Exercise details:
Nothing but the lines below from the one holding "Opis: Ako želite" up to and including the one holding "3 peças outono/inverno" should be copied, exactly and without pictures.
--- Records shown Enclosed Below ---
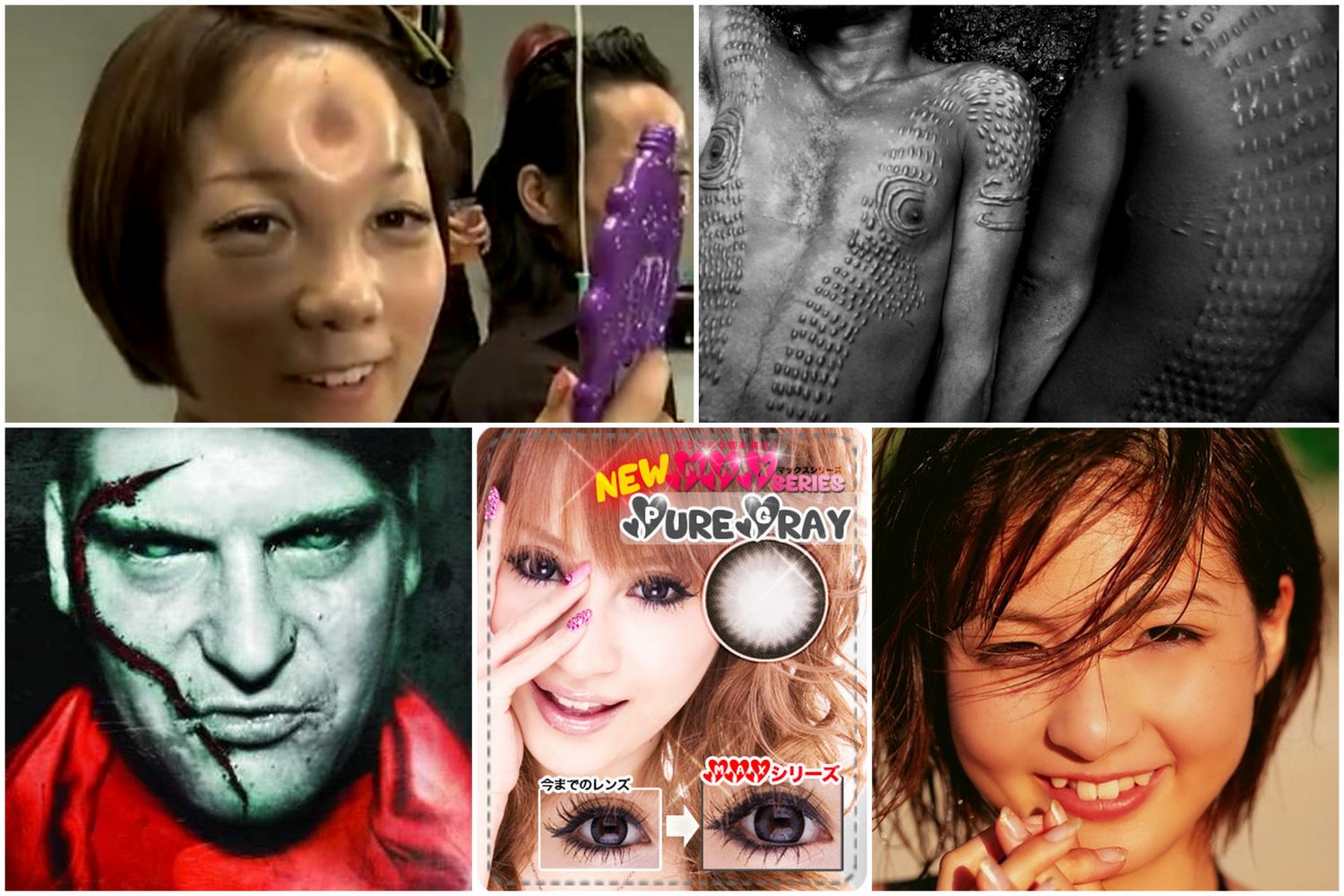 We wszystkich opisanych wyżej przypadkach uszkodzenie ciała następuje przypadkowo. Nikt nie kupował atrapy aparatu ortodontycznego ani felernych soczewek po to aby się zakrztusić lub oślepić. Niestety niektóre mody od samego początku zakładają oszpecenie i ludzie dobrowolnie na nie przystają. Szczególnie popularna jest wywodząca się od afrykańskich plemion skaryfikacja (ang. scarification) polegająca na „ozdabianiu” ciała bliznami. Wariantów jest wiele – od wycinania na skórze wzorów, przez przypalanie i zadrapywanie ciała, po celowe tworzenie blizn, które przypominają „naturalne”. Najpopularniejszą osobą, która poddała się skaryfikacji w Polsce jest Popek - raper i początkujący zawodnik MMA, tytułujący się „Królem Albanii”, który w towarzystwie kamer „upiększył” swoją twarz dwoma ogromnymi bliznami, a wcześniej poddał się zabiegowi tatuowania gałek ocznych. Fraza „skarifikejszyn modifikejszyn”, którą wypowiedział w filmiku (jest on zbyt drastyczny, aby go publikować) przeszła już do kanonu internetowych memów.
--- End of Enclosed Records shown ---
--- Records shown Enclosed Below ---
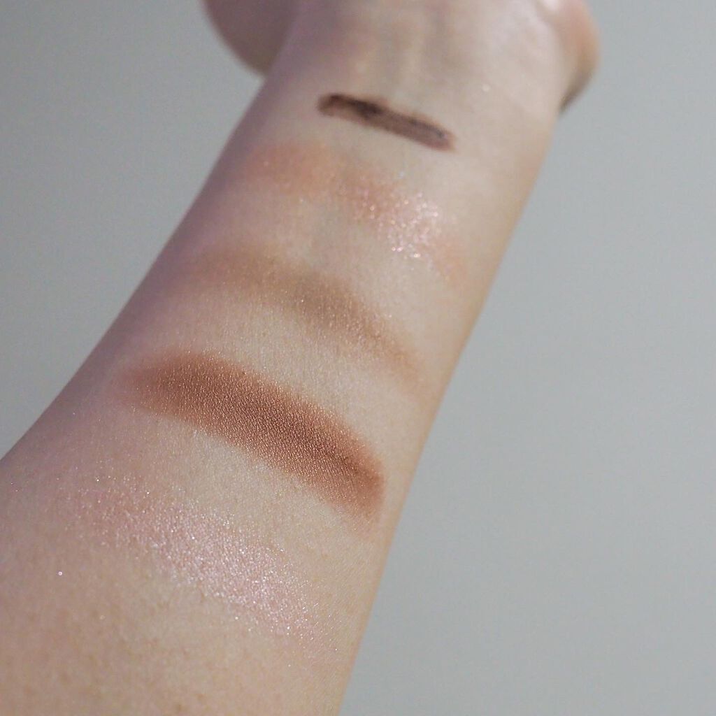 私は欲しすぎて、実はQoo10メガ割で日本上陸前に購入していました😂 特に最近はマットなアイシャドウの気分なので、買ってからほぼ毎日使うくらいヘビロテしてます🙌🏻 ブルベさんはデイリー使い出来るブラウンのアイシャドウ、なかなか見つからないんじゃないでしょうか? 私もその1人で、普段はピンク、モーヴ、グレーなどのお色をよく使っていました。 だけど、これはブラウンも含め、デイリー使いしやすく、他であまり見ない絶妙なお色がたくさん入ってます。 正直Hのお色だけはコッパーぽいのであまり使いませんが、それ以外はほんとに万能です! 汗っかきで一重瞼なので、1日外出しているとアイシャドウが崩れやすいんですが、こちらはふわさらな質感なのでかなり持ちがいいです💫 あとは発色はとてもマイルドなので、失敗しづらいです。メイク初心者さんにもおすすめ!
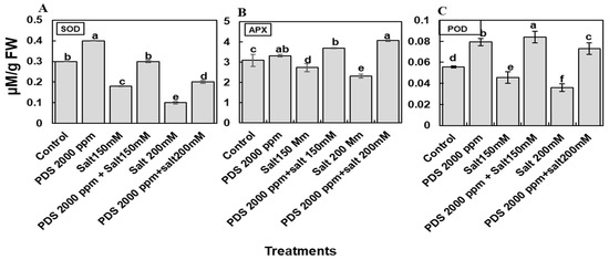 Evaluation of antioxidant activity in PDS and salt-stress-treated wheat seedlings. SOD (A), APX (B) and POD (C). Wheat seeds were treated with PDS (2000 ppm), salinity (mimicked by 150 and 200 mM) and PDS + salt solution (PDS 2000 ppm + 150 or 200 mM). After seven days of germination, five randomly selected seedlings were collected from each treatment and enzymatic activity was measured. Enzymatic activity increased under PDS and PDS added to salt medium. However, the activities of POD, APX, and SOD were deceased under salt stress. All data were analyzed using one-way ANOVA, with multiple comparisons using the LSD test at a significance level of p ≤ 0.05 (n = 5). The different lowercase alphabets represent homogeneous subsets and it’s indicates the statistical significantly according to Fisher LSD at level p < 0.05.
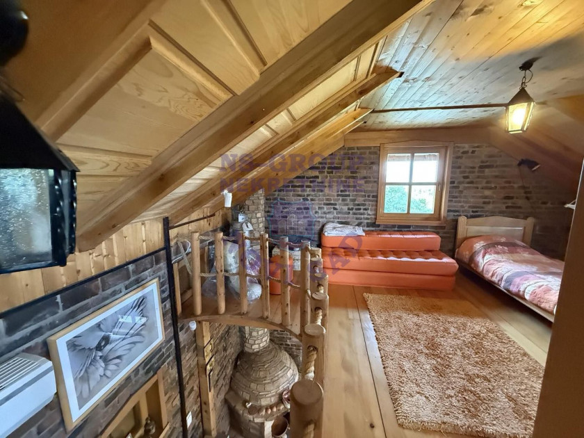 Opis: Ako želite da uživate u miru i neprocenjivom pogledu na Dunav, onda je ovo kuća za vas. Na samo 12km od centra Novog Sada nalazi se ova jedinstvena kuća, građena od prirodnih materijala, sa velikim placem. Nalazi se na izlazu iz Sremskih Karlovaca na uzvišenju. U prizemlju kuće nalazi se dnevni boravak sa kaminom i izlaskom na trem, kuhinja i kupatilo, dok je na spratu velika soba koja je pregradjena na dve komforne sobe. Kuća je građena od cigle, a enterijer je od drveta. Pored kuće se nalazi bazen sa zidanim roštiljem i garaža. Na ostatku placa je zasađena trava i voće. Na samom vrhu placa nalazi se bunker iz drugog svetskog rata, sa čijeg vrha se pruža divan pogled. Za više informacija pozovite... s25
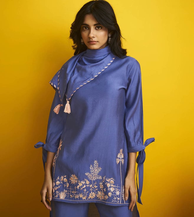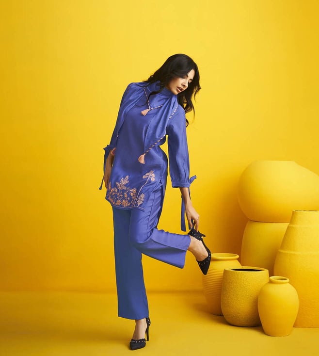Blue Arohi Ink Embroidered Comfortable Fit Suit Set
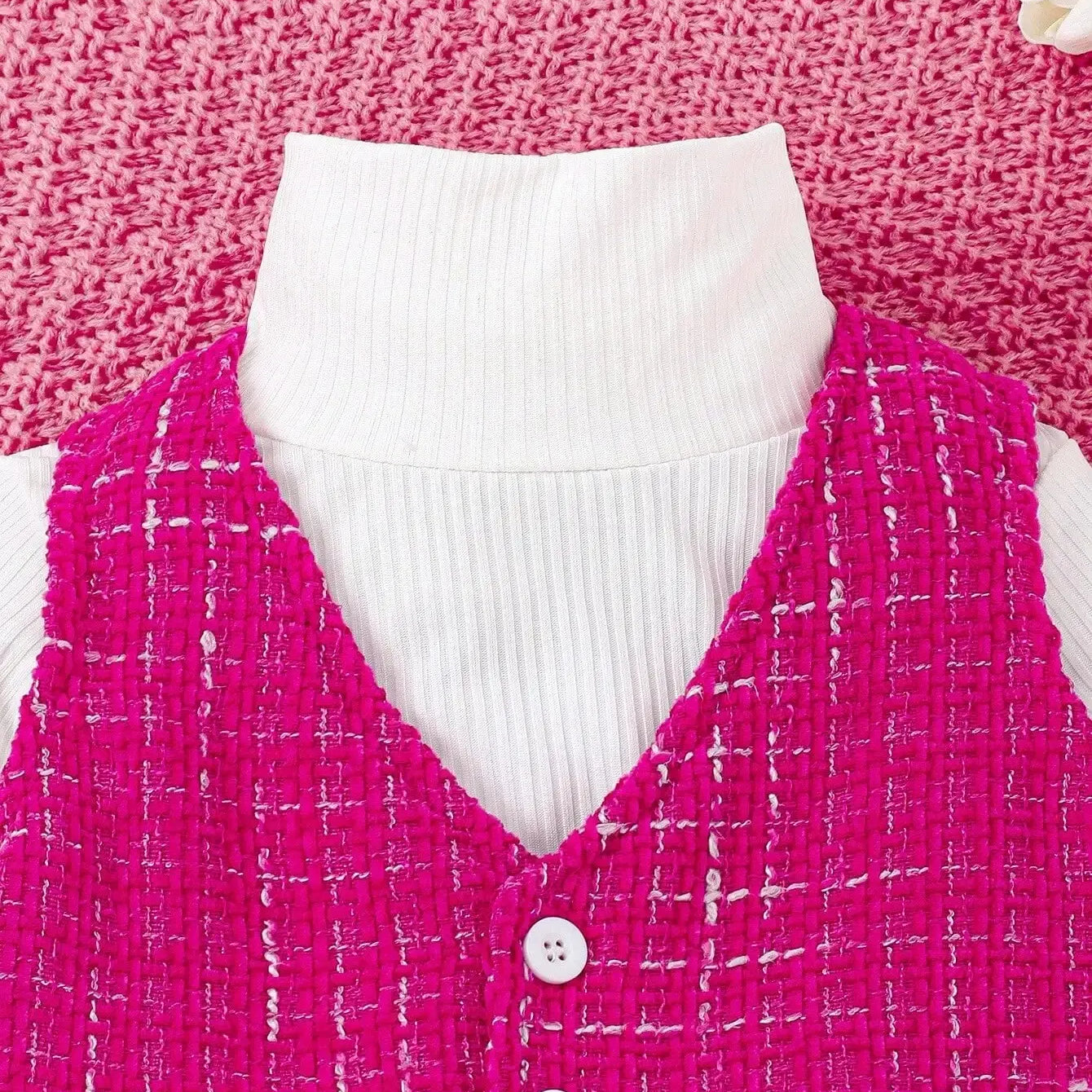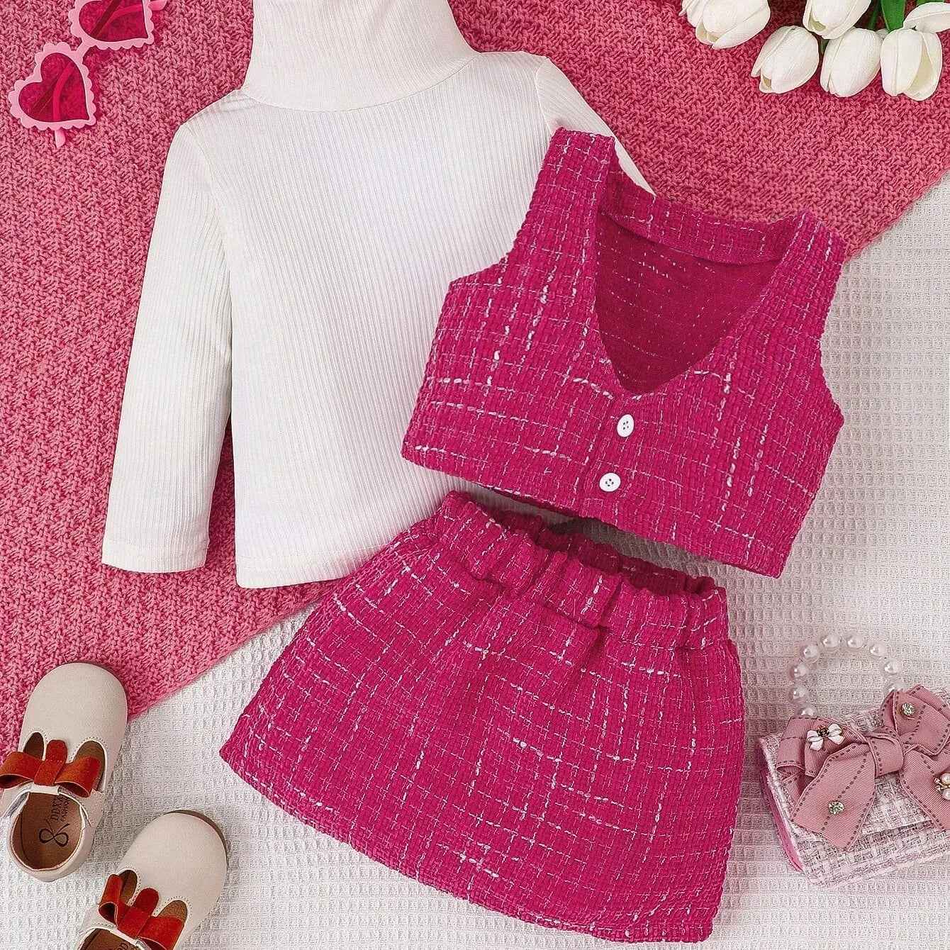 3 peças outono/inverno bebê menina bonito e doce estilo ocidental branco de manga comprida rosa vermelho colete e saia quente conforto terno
--- End of Enclosed Records shown ---
--- Records shown Enclosed Below ---
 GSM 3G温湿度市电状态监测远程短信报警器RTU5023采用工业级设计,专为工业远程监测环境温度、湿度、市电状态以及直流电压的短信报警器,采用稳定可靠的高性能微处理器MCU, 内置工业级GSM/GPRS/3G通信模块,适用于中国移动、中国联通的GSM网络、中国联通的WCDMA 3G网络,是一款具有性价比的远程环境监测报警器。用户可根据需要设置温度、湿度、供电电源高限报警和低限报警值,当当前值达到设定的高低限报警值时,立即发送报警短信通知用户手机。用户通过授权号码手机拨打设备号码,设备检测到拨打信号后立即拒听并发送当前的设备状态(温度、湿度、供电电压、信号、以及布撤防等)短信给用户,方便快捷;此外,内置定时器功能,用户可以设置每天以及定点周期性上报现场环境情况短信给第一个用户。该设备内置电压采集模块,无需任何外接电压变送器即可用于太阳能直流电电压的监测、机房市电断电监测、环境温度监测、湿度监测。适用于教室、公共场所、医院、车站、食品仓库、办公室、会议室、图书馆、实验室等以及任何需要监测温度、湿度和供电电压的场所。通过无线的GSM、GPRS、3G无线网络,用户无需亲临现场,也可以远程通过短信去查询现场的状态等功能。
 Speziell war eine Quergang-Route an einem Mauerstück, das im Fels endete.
--- End of Enclosed Records shown ---
Exercise output:
 Opis: Ako želite da uživate u miru i neprocenjivom pogledu na Dunav, onda je ovo kuća za vas. Na samo 12km od centra Novog Sada nalazi se ova jedinstvena kuća, građena od prirodnih materijala, sa velikim placem. Nalazi se na izlazu iz Sremskih Karlovaca na uzvišenju. U prizemlju kuće nalazi se dnevni boravak sa kaminom i izlaskom na trem, kuhinja i kupatilo, dok je na spratu velika soba koja je pregradjena na dve komforne sobe. Kuća je građena od cigle, a enterijer je od drveta. Pored kuće se nalazi bazen sa zidanim roštiljem i garaža. Na ostatku placa je zasađena trava i voće. Na samom vrhu placa nalazi se bunker iz drugog svetskog rata, sa čijeg vrha se pruža divan pogled. Za više informacija pozovite... s25
Blue Arohi Ink Embroidered Comfortable Fit Suit Set
 3 peças outono/inverno bebê menina bonito e doce estilo ocidental branco de manga comprida rosa vermelho colete e saia quente conforto terno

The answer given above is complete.